(Saved entries)

++++++++++

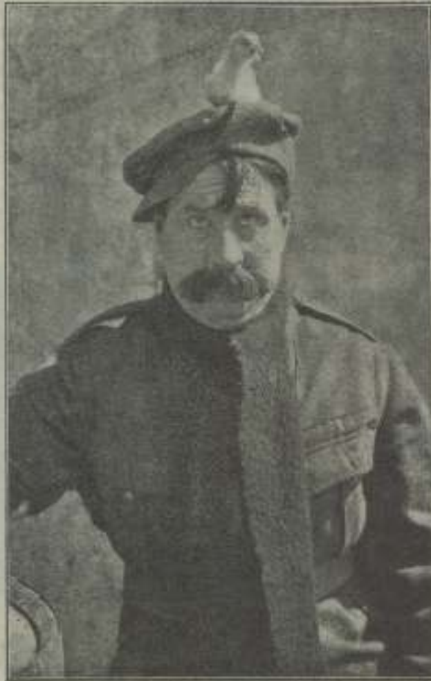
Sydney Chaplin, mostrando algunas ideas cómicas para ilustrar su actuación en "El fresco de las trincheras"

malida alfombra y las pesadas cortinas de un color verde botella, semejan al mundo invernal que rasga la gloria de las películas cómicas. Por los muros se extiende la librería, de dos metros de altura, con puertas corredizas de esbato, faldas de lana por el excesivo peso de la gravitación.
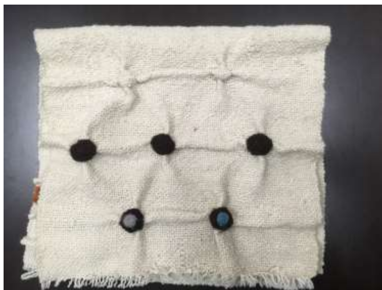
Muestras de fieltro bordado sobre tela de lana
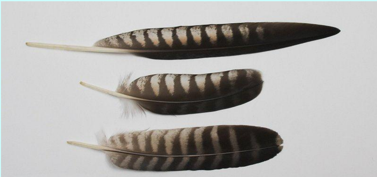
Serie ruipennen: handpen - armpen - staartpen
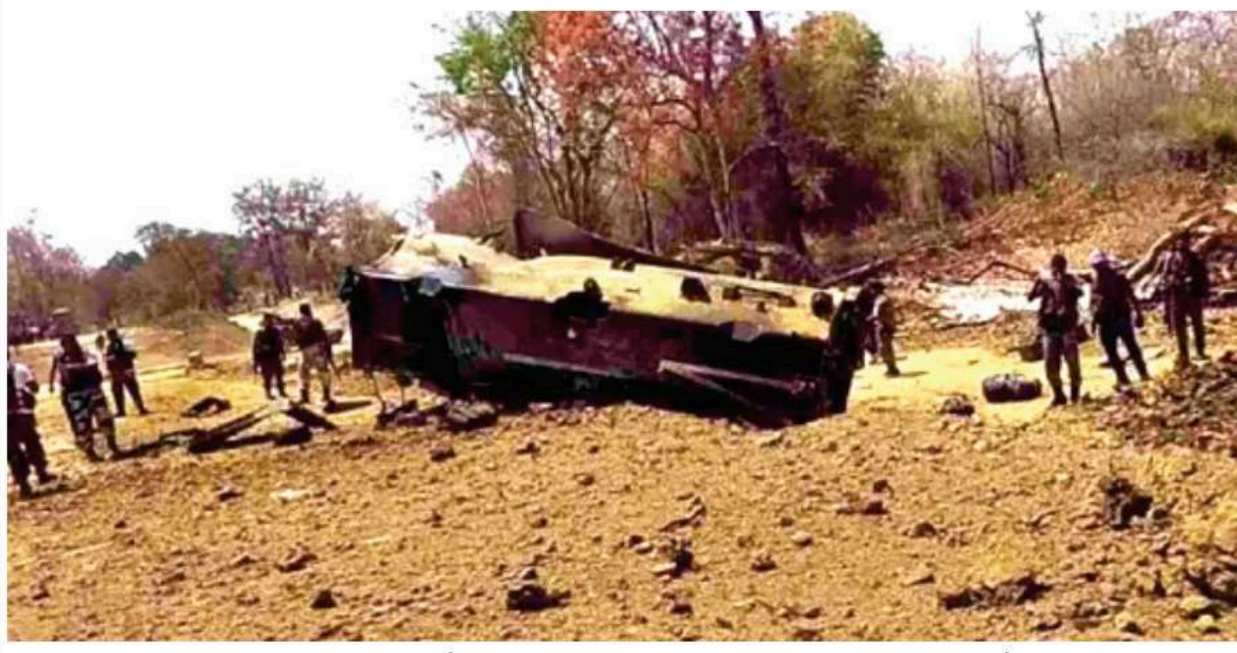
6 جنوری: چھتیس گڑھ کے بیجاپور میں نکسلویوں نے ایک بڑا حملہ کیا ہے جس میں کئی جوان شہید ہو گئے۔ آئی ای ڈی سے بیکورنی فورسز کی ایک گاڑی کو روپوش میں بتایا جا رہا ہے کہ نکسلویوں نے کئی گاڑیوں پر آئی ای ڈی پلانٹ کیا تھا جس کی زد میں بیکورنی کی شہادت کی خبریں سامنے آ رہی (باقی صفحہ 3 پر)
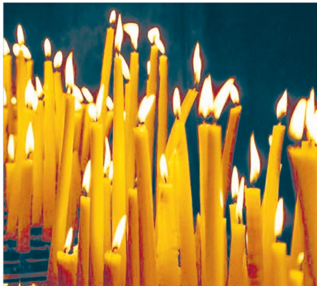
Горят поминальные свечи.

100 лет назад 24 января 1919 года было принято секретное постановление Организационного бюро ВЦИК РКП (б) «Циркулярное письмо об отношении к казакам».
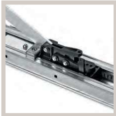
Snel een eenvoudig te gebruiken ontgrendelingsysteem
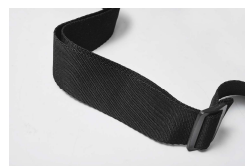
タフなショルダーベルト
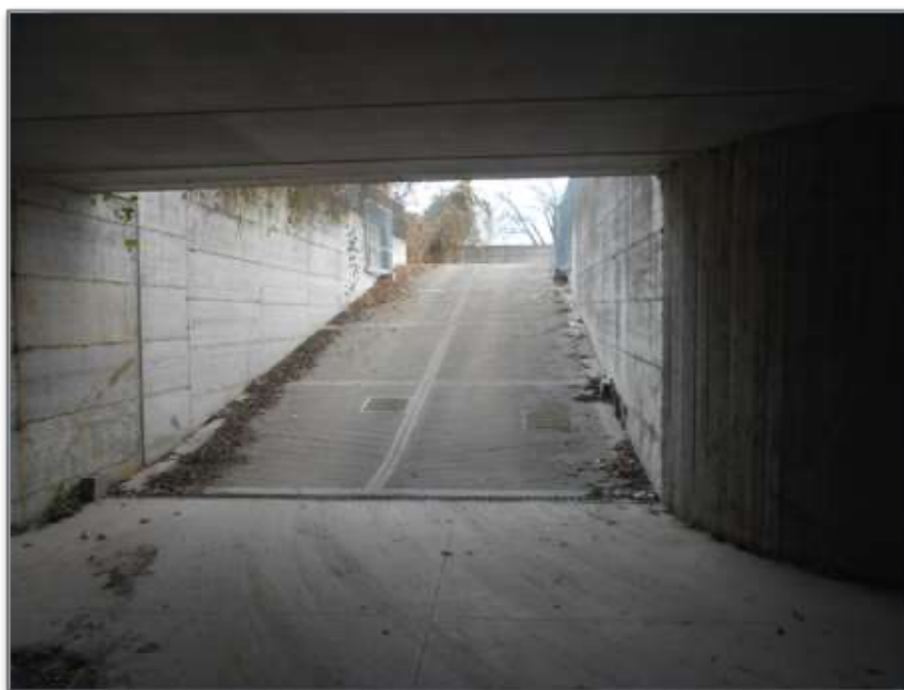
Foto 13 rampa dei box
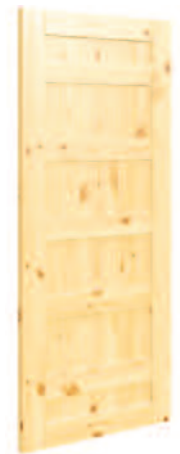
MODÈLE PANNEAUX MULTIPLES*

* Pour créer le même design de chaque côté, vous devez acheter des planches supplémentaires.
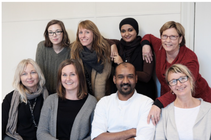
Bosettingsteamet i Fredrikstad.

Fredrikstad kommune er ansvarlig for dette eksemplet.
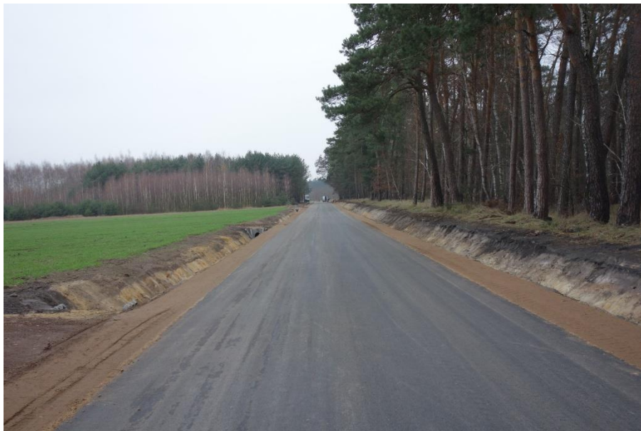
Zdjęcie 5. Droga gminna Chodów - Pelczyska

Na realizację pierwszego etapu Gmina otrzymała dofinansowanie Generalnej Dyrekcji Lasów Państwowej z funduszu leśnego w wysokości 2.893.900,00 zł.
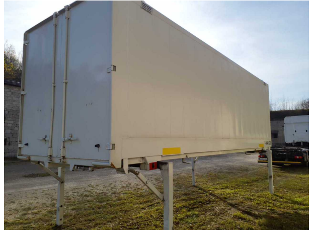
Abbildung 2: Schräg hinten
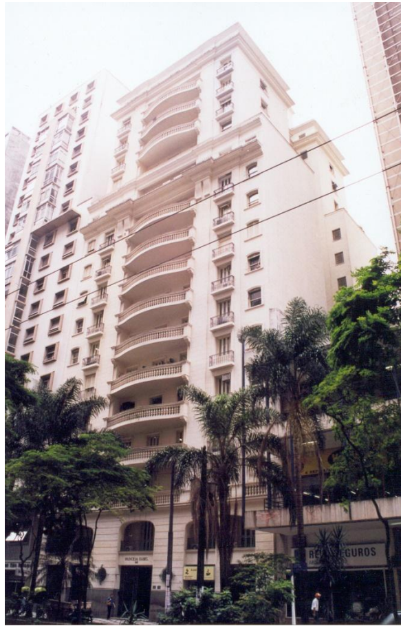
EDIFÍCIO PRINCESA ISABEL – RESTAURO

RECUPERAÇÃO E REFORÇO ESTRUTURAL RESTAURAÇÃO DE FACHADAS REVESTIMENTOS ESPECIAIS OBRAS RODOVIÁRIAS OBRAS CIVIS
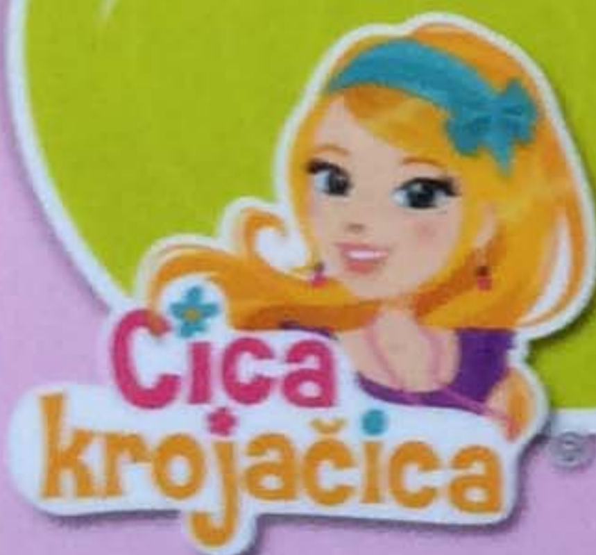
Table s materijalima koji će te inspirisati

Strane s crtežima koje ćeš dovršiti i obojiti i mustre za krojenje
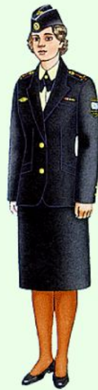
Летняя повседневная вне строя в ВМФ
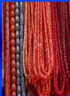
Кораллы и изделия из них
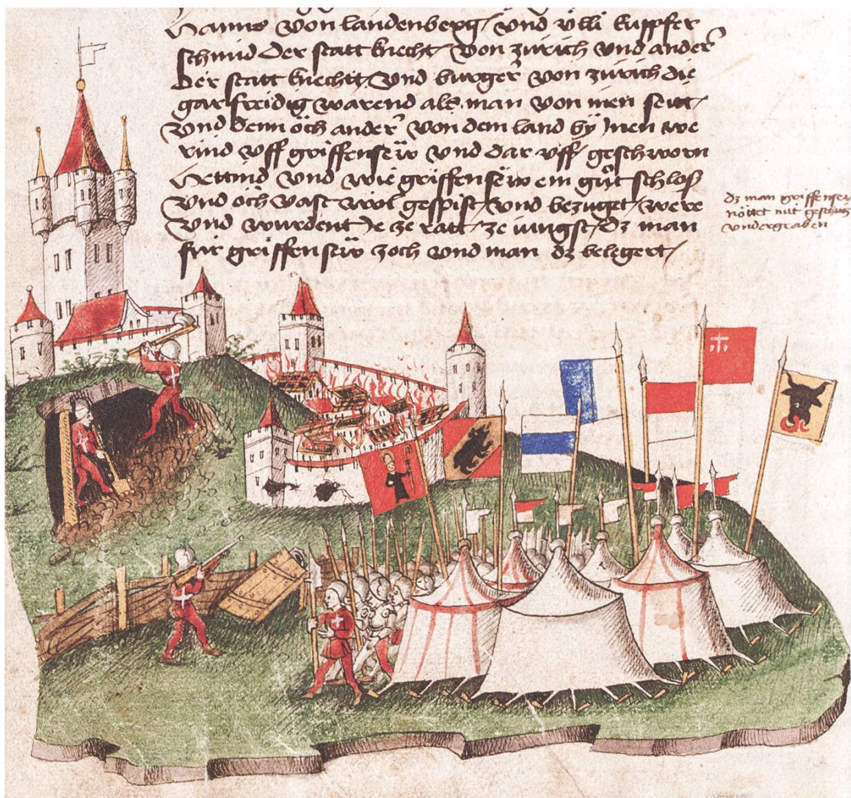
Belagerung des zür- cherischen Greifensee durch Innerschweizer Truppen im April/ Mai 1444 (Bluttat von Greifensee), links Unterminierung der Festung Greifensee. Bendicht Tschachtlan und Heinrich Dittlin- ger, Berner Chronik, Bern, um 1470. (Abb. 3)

++++++++++

(Exercise description) From the line containing "Fredrikstad kommune er" to the final line above, both included, transcribe every line exactly and leave all pictures out.

(Answer space)
Fredrikstad kommune er ansvarlig for dette eksemplet.
Zdjęcie 5. Droga gminna Chodów - Pelczyska

Na realizację pierwszego etapu Gmina otrzymała dofinansowanie Generalnej Dyrekcji Lasów Państwowej z funduszu leśnego w wysokości 2.893.900,00 zł.
Abbildung 2: Schräg hinten
EDIFÍCIO PRINCESA ISABEL – RESTAURO

RECUPERAÇÃO E REFORÇO ESTRUTURAL RESTAURAÇÃO DE FACHADAS REVESTIMENTOS ESPECIAIS OBRAS RODOVIÁRIAS OBRAS CIVIS
Table s materijalima koji će te inspirisati

Strane s crtežima koje ćeš dovršiti i obojiti i mustre za krojenje
Летняя повседневная вне строя в ВМФ
Кораллы и изделия из них
Belagerung des zür- cherischen Greifensee durch Innerschweizer Truppen im April/ Mai 1444 (Bluttat von Greifensee), links Unterminierung der Festung Greifensee. Bendicht Tschachtlan und Heinrich Dittlin- ger, Berner Chronik, Bern, um 1470. (Abb. 3)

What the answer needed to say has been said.